Levetiracetam was synthesized off of Piracetam to enhance the inhibition of Calcium V2.2 channels (third bullet of altering signalling) and as such has a better role in epilepsy management.
So why are racetams popular? Racetams are akin to designer drugs for your mind, and it attracts a lot of people interested in neural benefits that do not care for “natural therapies.”

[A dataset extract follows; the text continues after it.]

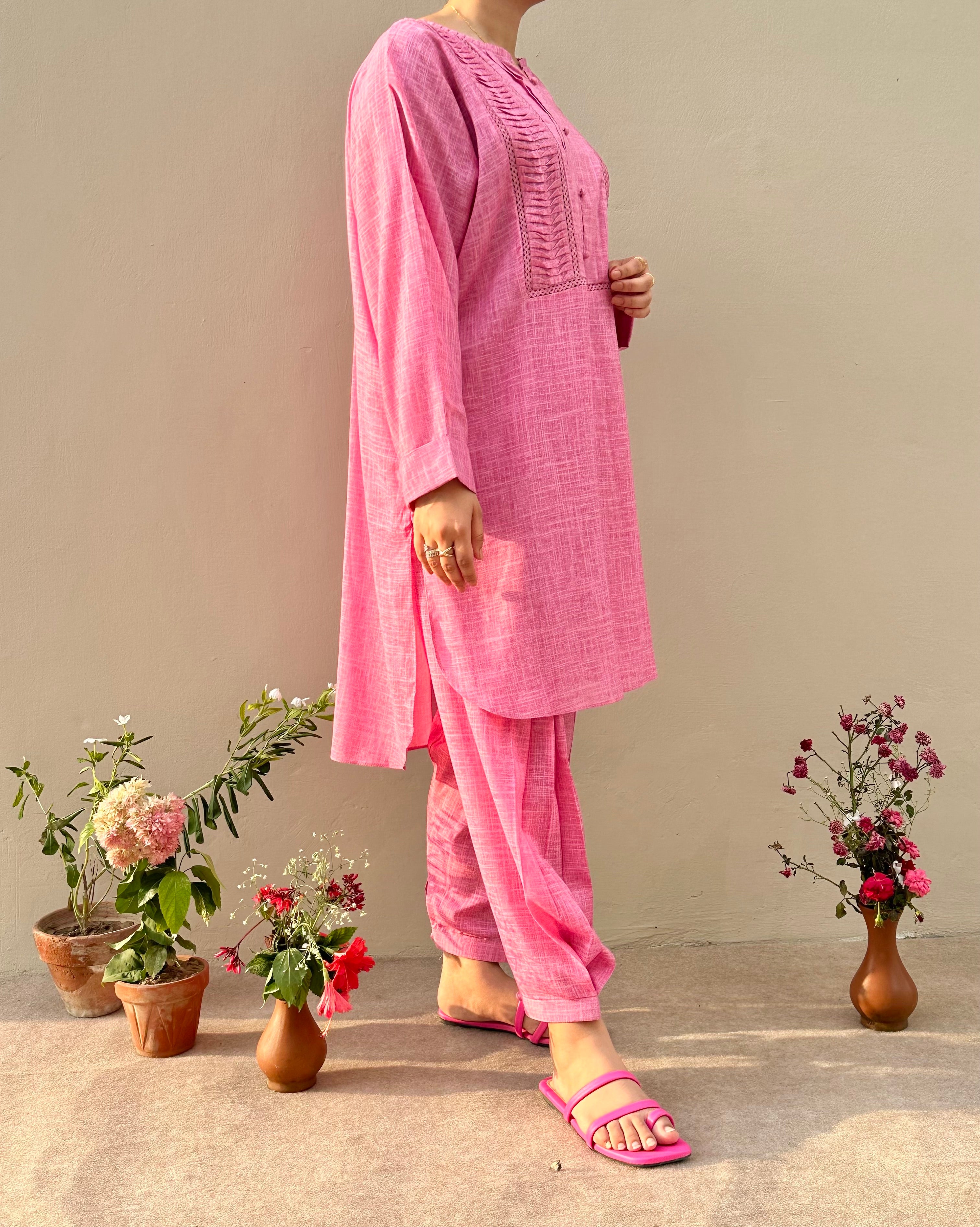 The pleated neckline with boxy silhouette and pleated smart shalwar giving all the rich and trendy vibes.
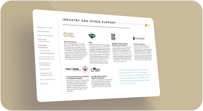 21 Message from our CEO Report Highlights About Franco-Nevada Responsible Capital Allocation Community Contributions Community Support Industry and Other Support Good Governance and Shareholder Alignment Diversity, Inclusion and Well-Being Climate Action Transparency and Guiding Principles About this ESG Report Appendices I N D U S T R Y A N D O T H E R S U P P O R T We provide ongoing support to several mining industry, diversity-related and other organizations and initiatives, some of which are described below. World Gold Council We are a proactive member of the World Gold Council (“WGC”) Board and, in 2019, Franco-Nevada played a leading role at the World Gold Council during the establishment of the RGMPs, which principles are being implemented by all World Gold Council members. Paul Brink, President & CEO of Franco-Nevada Corporation, is currently a director of the World Gold Council, and is the Chair of its Compensation Committee. Franco-Nevada Diversity Scholarship and BlackNorth Initiative We have several diversity and inclusion related contributions and initiatives, including our Franco-Nevada Diversity Scholarship for studies in mining-related fields and our BlackNorth Initiative pledge commitments. These are described on page 30 of this ESG Report. Canadian Mineral Industry Education Foundation In 2023, we supported the Canadian Mineral Industry Education Foundation, which has been offering scholarships since 1964 to undergraduate students with a strong interest in a career in the mining industry. Canadian Institute of Mining, Metallurgy and Petroleum In 2023, we supported the Canadian Institute of Mining, Metallurgy and Petroleum, which collaborates with other organizations to advance a more sustainable future for the mining industry, minimize duplication, and accelerate key industry issues and initiatives towards the development and advancement of standards and leading practices across the full spectrum of the minerals, metals, materials and energy sectors. Continental Resources In 2023, we funded the final year of our three-year commitment to help finance Continental Resources’ solar-powered water recycling project in Oklahoma. Through water recycling the Continental team materially reduces the amount of fresh water required for operations. By powering the facility with solar energy, they reduce emissions of the facility with the use of renewable energy as opposed to using energy from the grid. PDAC We are the primary sponsor of the Prospectors & Developers Association of Canada (“PDAC”) annual awards that recognize industry successes in exploration, development, safety, environmental stewardship and aboriginal cooperation and we are sponsors of PDAC's Mining Matters initiative. David Harquail, Chair of the Board of Franco-Nevada Corporation, is a PDAC board member and Eaun Gray, Senior Vice President, Business Development of Franco-Nevada Corporation, sits on the PDAC Convention Planning Committee. “We are a proactive member of the World Gold Council Board and, in 2019, Franco-Nevada played a leading role at the World Gold Council during the establishment of the RGMPs, which principles are being implemented by all World Gold Council members.” Diversity Scholarship

Although all known racetams are synthetic, there are some compounds borne from traditional medicines with similar (although not exact) structure to the pyrrolidone group on racetams; morus alba (white mulberries) and loganolactone (longan fruits) have a racetam-like structure that might be worth investigating.
So what can you eat?
In Part 2 we will go over the various popular nootropics, including cholinergics and racetams. In the meantime, eggs are a great source of choline (a cholinergic), and small fatty fish (sardines, mackeral, herring) are good sources of both fish oil as well as phosphatidylserine (two structural modifying nootropics). Additionally, as mentioned earlier, longan fruits and white mulberries could have possible cognitive enhancing properties. It might be prudent to start to train your taste buds to enjoy tea, as tea can also be phrased as ‘water soluble extraction’ and opens up an entire world of plants to sneak into your diet.
So there you have it – a quick primer. Nootropics are supposed to enhance brain function, and they do so in roughly five primary ways. Cholinergics specifically target acetylcholine in order to help with memory function, and racetams are designed-drugs that can function in a variety of ways.